CD117 (c-kit) is a type III receptor tyrosine kinase encoded by the KIT gene. Deregulation of expression and mutations in the gene are implicated in various tumors. Reports of CD117 expression in phyllodes tumors have been controversial. We aim to investigate the protein expression of CD117 and mutations in the KIT gene in phyllodes tumors, and correlate the findings with pathological parameters and clinical outcome. A total of 272 cases were included in this study. CD117 expression was investigated by immunohistochemistry on tissue microarray sections. Toluidine blue staining was performed to indicate mast cells. Overall, 28 (10%) cases were CD117 positive. CD117 expression was significantly associated with tumor grade (P<0.001), increased stromal hypercellularity (P=0.003), stromal atypia (P=0.01), and stromal mitotic activity (P<0.001), permeative microscopic margins (P=0.002), and presence of hemorrhage (P=0.001). Expression was also associated with poorer overall survival (P=0.003). Nineteen cases were further selected for mutation screening through the Affymetrix OncoScan platform. No mutation of the KIT gene was found. Despite a lack of mutations in the KIT gene, CD117 protein expression is associated with unfavorable pathological parameters and poorer prognosis, suggesting an underlying role in the biology of phyllodes tumors.

Novel genetic aberrations in breast phyllodes tumours: comparison between prognostically distinct groups.

Phyllodes tumours of the breast are uncommon fibroepithelial neoplasms which pose management challenges due to difficulties in accurate prediction of clinical behaviour, as histological assessment has its limitations.
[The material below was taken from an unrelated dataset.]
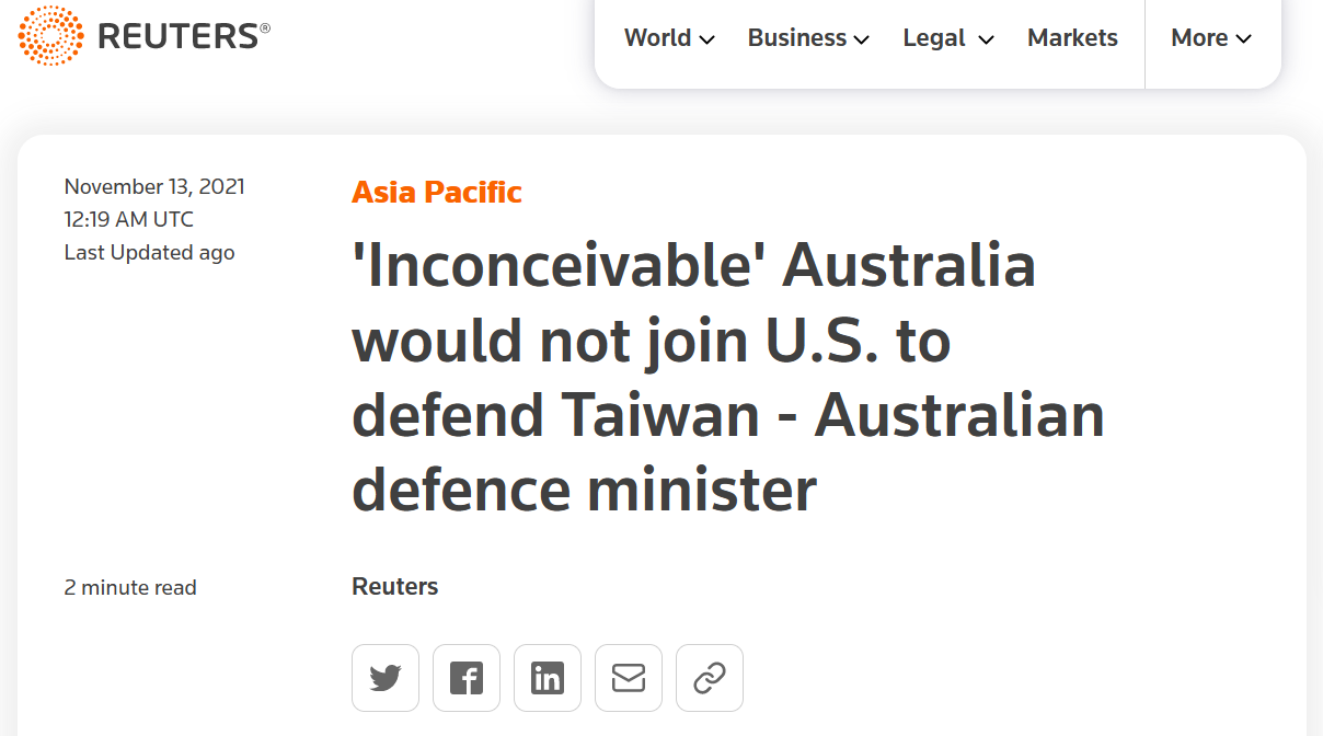 據路透社報道,達頓13日在接受採訪時宣稱,如果華盛頓採取行動“保衞台灣”,澳大利亞若不加入美國,是“難以想象的”。達頓稱,“也許在某些情況下我們不會採取這種選擇,但我無法想象那種情況發生”。而就在此前,美國國務卿布林肯聲稱,“如果中國大陸單方面使用武力破壞現狀,很多國家不會袖手旁觀……一旦發生這種事情,他們也會採取行動。”但布林肯並未説明他指的是什麼樣的行動。

Molecular studies have improved the understanding of these rare tumours but such findings are scant. We aimed to investigate genetic aberrations in phyllodes tumours stratified according to clinical behaviour, to identify potential genes contributing to disease progression. Twenty phyllodes tumours were separated into prognostically distinct categories depending on whether they had recurred/metastasized within the follow-up period. DNA extracted from FFPE materials was subjected to Affymetrix OncoScan™ FFPE Express molecular inversion probe microarray platform for analysis of copy number changes and mutational status. Results were cross validated with Sanger sequencing, FISH and immunohistochemistry. A higher number of chromosomal aberrations were observed in cases which recurred/metastasized, with median events of 19 compared to 3.5 in cases which did not recur/metastasize. High-level amplification and homozygous deletions were detected exclusively in the former group. Regions of high-level amplification included MDM4 (1q32.1), RAF1 (3p25), EGFR (7p12) and PDZD2 (5p13.3). EGFR amplification was confirmed on FISH and accompanied by intense EGFR immunostaining. Regions of homozygous deletion included CDKN2A (9p21) and MACROD2 (20p12.1). Homozygous deletion of 9p21 which involved CDKN2A was accompanied by loss of protein expression. No mutations were identified in all samples. These findings provide insights into identifying target genes and pathways exploited by phyllodes tumours, which would aid future development of individualised therapy.